There is a war brewing; between those who put their faith in the documentation and those who fear the prophecies the staleness to come.

Documentation: Self-Documenting or Well-Documented

Do you think the thorough and comprehensive documentation of your project is enough to understand how to interact with it?

Do you think your code is so clean and intuitive that anyone can interface with it?

Everyone is wrong, and those who value tribal knowledge are toeing the line of true evil – but let’s leave them in the hole that they are digging for themselves. Every project starts with aspirations of perfection and standards of quality; admirable but completely unrealistic and unattainable.

Stale documentation absolutely will happen to your project. There is no way that documentation can be maintained at the same level and speed as the features and bug fixes – deadlines and goals change, small bits slip through the cracks. When it comes to documentation, words are nothing but representations of abstract ideas that no two people perceive in the same manner. No matter how thorough or complete you feel your documentation is, there will be those who do not understand; the more thorough your documentation, the harder it is to maintain.

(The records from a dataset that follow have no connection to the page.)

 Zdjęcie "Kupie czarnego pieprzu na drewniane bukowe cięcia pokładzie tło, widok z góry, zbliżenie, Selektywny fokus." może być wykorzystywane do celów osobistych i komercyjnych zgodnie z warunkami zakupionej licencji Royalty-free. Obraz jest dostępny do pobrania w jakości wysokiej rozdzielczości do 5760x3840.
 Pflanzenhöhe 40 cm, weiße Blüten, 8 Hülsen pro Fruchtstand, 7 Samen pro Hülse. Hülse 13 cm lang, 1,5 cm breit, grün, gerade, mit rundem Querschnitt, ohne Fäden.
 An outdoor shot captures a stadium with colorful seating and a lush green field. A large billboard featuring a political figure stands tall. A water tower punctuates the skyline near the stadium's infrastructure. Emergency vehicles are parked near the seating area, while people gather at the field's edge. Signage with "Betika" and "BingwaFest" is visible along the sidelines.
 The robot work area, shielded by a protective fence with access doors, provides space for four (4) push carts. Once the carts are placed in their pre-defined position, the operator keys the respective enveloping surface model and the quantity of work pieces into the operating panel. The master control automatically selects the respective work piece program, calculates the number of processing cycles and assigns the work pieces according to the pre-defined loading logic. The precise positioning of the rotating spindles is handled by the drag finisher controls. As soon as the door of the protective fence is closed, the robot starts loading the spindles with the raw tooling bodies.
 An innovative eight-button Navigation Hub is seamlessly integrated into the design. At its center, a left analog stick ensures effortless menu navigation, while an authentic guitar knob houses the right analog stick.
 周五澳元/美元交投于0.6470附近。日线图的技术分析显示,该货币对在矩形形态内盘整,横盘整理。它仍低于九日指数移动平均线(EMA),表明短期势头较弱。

Code is logical, as well as the currently defined instruction set, making the concept of self-documenting code more appetizing. Yet, code is an art and interpreted by the individual, understood at different levels, and can appear to be absolute magic – and a magician never reveals their secret (hint: it’s a reflection). What is intuitive to me is not intuitive to you, and if we wrote code to be so intuitive and easy to pick up….. well we can’t. Even Blockly and Scratch, which are intended to introduce children to programming concepts, seem alien to many – then when you introduce concepts like Aspect-Oriented Programming and Monkey Patching, you have entered the realm most dare not.

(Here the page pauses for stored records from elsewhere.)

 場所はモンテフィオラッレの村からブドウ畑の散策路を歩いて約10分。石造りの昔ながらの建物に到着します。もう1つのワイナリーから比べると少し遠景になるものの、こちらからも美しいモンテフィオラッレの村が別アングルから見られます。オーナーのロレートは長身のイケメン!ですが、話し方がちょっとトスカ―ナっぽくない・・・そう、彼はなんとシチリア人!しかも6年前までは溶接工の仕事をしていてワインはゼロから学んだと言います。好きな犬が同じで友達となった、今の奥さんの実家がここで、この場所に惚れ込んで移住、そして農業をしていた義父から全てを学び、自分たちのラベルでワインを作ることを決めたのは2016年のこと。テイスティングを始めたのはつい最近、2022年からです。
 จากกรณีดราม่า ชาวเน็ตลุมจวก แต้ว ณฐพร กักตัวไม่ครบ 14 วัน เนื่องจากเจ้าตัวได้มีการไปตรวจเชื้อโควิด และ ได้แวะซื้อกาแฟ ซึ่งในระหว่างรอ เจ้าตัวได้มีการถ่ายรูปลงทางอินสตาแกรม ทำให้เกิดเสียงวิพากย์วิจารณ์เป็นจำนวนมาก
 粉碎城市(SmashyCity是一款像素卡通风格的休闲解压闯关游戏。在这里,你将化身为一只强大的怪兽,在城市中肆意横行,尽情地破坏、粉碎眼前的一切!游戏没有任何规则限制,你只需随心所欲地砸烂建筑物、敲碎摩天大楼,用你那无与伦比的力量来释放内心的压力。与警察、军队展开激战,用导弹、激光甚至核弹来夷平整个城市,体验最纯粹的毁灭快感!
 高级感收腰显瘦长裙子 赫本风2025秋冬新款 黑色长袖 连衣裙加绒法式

So, yes, the documentation for your library, REST API or plugin will, at some point, fail. End of story.

Documentation or Self-Documenting - neither can guarantee full understanding to others.

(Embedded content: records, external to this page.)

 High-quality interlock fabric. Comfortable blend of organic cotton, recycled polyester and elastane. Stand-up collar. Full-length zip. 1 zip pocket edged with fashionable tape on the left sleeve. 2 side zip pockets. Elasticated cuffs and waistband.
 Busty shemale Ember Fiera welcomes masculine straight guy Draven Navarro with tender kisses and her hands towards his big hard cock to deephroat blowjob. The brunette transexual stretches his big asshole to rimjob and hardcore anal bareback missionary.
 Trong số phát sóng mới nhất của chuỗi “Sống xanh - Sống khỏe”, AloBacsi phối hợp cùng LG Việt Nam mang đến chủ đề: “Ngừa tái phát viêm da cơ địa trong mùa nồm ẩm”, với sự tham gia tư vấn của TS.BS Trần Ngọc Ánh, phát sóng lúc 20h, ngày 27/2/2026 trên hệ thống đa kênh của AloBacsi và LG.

Pitch the Stale Documentation, Having the Ripe Idea

Credit where credit is due, this concept was not of mine but of my best friend James. He had grown tired of outdated, incorrect, or flat-out misleading API documentation. Most documentation aggregation software collects information from conformingly formatted comments – JavaDoc, API Doc, C# XML – but comments are not meant to be ingested by the application they are describing and are often the first to be forgotten when there is a fire burning. We have accepted that Tests should not be a second-class citizen, Test Driven Development is a proven standard, and we should not accept documentation to be either.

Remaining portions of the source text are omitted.